I understand what you mean about breaking confidentiality and I understand where you are coming from. I do however think a counsellor telling a client that their situation is 'unreportable' is irresponsible of the counsellor - it undermines the affect the client is experiencing, undermines the relationship between counsellor and client and also fails to recognise the possibility that the client is not disclosing the full extent of what is happening. 

IMO it would be more appropriate for a counsellor to say to a client that speaking to the police through non-emergency methods - calling or in person - is up to the client's discretion and to make sure the client is aware that the police may not be able to take any _action_ at this point but will offer advice and keep it on file for future reference.

Saying it is not a valid report leaves a victim of abuse feeling powerless and will inhibit reports should the abuse escalate - they will question whether this new development is 'reportable' or if they will be seen to be making a fuss over nothing.

The police have always told me that if in doubt report it.

This is also relevant because there are certain laws where there have to have been X number of incidents before they can take action. Failing to report things can change whether something can be done or not. Report everything!


----------



## sol_lost (Jan 13, 2014)

*Thanks -Rseveral responses within*

Hi All,

Thank you so very, very much for all of your responses . I hope to clarify a few things so maybe it would make sense to those reading.
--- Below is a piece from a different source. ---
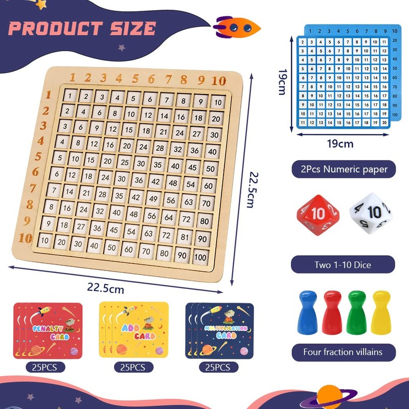 • Reliable material: this Montessori multiplication board is made of natural wood, is not easy to damage and durable. Fine workmanship, smooth surface without burrs, children can play safely. Contents: 1 x game disk, 2 x playing cards, 1 x user manual, 25 x multiplication cards, 25 x additional cards, 25 x penalty cards, 2 x dice, 4 x chess pieces.
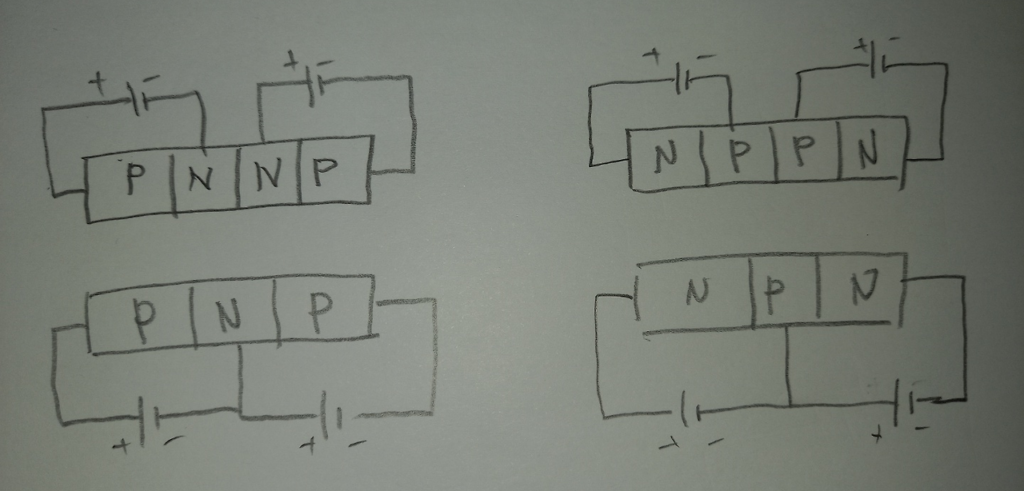 여기서 좌측의 PN이 없다고 가정하면 우측의 NP는 공핍영역이 증가해서 전류가 흐르지 못한다. 그런데 좌측에 정방향 바이어스가 걸려있으면 정공이 넘어와 N형을 P형으로 오염시킨다. 그러면 역방향 걸린것처럼 행동하던 우측의 NP형은 PP가 되었으므로 전류를 매우 잘 흘려보낸다.

First, I would like to express in response to concerns, I would never make assertions of abuse for myself of my kids for leverage/custody. I truly want what is best for my children I totally get / understand being upset / worried that people might be throwing the word “abuse” around lightly, because of my own history. I assure you I am not, and the idea that I, and my kids might be abused only came to light /question in my mind over the last year. I grew up being verbally and physically abused (classic, unrefuted, textbook) by a parent until I was an adult and moved out. It was not the worst case ever, but it definitely was both. My entire childhood I was terrified of my parent, lied about the abuse, hid it from everyone because of the threats made by parent if I told anyone, yet child services were called twice anyway (and I lied to them about how I got injuries and refused to talk to them when they pressed) when other kids saw things that my parent did, when my parent didn’t know they were watching / could see. 

As a result, even now when I think it might be happening to me or possibly my kids, I don’t trust myself to really know WHAT is abusive and what makes me just uncomfortable, unless it is severe/classic or on an official checklist. I didn’t know if I was over-reacting to what he does because of my own personal history, and also don’t know if I’m not reacting ENOUGH and should try do something about it. I am trying to gauge if it really was concerning or not, or if my reaction and feelings to it are over/under blown. If I am being overly sensitive, if I need to protect them. Same reason for posting about that here. I don’t know what really is, or what I can/should do. I can totally get why someone would be upset or concerned (affaircare) if someone uses the word “abuse” lightly – I TOTALLY get it, because I have suffered classic abuse from a parent, and roll my eyes when I hear people saying (what I consider fighting) is abusive. 
My concerns as to verbal and emotional abuse to ME are based on my psych family member, who I hadn’t discussed issues or my relationship with H with at all, approaching me and saying she believes he is verbally and emotionally abusive to me. Afterwards I spoke to my own IC who told me they believe it is verbal/emotional abuse. Prior to this, I completely discounted and blew off several friends’ assertions that he is abusive to me for years, because they are protective types and only ever hear my side of the story.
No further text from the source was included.